Exercise details - A word-for-word copy of the data, pictures excluded, is what this task asks for.

Recorded information -
******************************
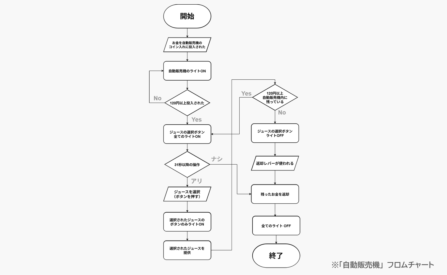 ポータブルスキル研修最終日は、アルゴリズムについて1日かけて勉強しました。アルゴリズムは問題解決の手順を言語化・図表化する考えです。そしてITの分野でアルゴリズムは、プログラム/システムの設計図と捉えられています。図で表現するフローチャートによって手順が可視化され、流れ確認がしやすくなります。例えば、下の画像のように自動販売機がお金を受け取ってジュースを出す仕組みを図で表現することもできます。テスト設計で手順が漏れなく全体を捉えながらテストされているかを説明するのに活用されています。
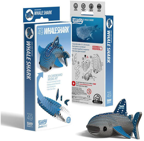 Fejleszd a kézügyességed! Az EUGY nemcsak kreativitásra ösztönöz, hanem környezetbarát is. Merülj el a tenger mélyén! Rakd ki a cetcápát , és merülj el a tenger hatalmas világában! Ez a különleges 3D puzzle egy igazi tengeri kalandot hoz el a szobádba. Az EUGY egy környezetbarát kartonból készült kreatív játék, amely könnyen újrahasznosítható. A mintákat környezetbarát festékkel nyomtatják, és a csomagban biztonságos , mérgező anyagoktól mentes ragasztó található. Teljesen gyerekbarát és kíméli a természetet! Az EUGY kollekcióban több mint 100 aranyos állatfigura közül választhatsz! Minden modellhez érdekes tény is tartozik, amelyekből még többet megtudhatsz az adott állatról. Tökéletes ajándék gyerekeknek és állatrajongóknak, ráadásul egy környezetbarát gyűjthető sorozat első darabja is lehet! A cetcápa az óceánok egyik legnagyobb hala, és hihetetlenül nagy méretével lenyűgözi az embereket. Bár a cetcápák nem veszélyesek az emberekre, ezek az óriások hatalmas szájukkal és hatékony úszásukkal mindig lenyűgözik a tengeri élet iránt érdeklődőket. Szerezd be a cetcápa 3D puzzle-t, fedezd fel a tenger legnagyobb titkait!
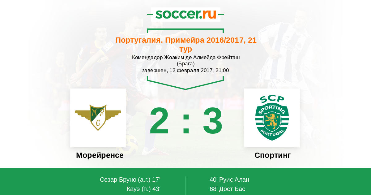 Португалия. Примейра 27.02.2018 Спортинг Логотип футбольный клуб Спортинг (Лиссабон) 1:0 Логотип футбольный клуб Морейренcе (Морейра-де-Конегуш) Морейренcе
******************************
Expected output -
 ポータブルスキル研修最終日は、アルゴリズムについて1日かけて勉強しました。アルゴリズムは問題解決の手順を言語化・図表化する考えです。そしてITの分野でアルゴリズムは、プログラム/システムの設計図と捉えられています。図で表現するフローチャートによって手順が可視化され、流れ確認がしやすくなります。例えば、下の画像のように自動販売機がお金を受け取ってジュースを出す仕組みを図で表現することもできます。テスト設計で手順が漏れなく全体を捉えながらテストされているかを説明するのに活用されています。
 Fejleszd a kézügyességed! Az EUGY nemcsak kreativitásra ösztönöz, hanem környezetbarát is. Merülj el a tenger mélyén! Rakd ki a cetcápát , és merülj el a tenger hatalmas világában! Ez a különleges 3D puzzle egy igazi tengeri kalandot hoz el a szobádba. Az EUGY egy környezetbarát kartonból készült kreatív játék, amely könnyen újrahasznosítható. A mintákat környezetbarát festékkel nyomtatják, és a csomagban biztonságos , mérgező anyagoktól mentes ragasztó található. Teljesen gyerekbarát és kíméli a természetet! Az EUGY kollekcióban több mint 100 aranyos állatfigura közül választhatsz! Minden modellhez érdekes tény is tartozik, amelyekből még többet megtudhatsz az adott állatról. Tökéletes ajándék gyerekeknek és állatrajongóknak, ráadásul egy környezetbarát gyűjthető sorozat első darabja is lehet! A cetcápa az óceánok egyik legnagyobb hala, és hihetetlenül nagy méretével lenyűgözi az embereket. Bár a cetcápák nem veszélyesek az emberekre, ezek az óriások hatalmas szájukkal és hatékony úszásukkal mindig lenyűgözik a tengeri élet iránt érdeklődőket. Szerezd be a cetcápa 3D puzzle-t, fedezd fel a tenger legnagyobb titkait!
 Португалия. Примейра 27.02.2018 Спортинг Логотип футбольный клуб Спортинг (Лиссабон) 1:0 Логотип футбольный клуб Морейренcе (Морейра-де-Конегуш) Морейренcе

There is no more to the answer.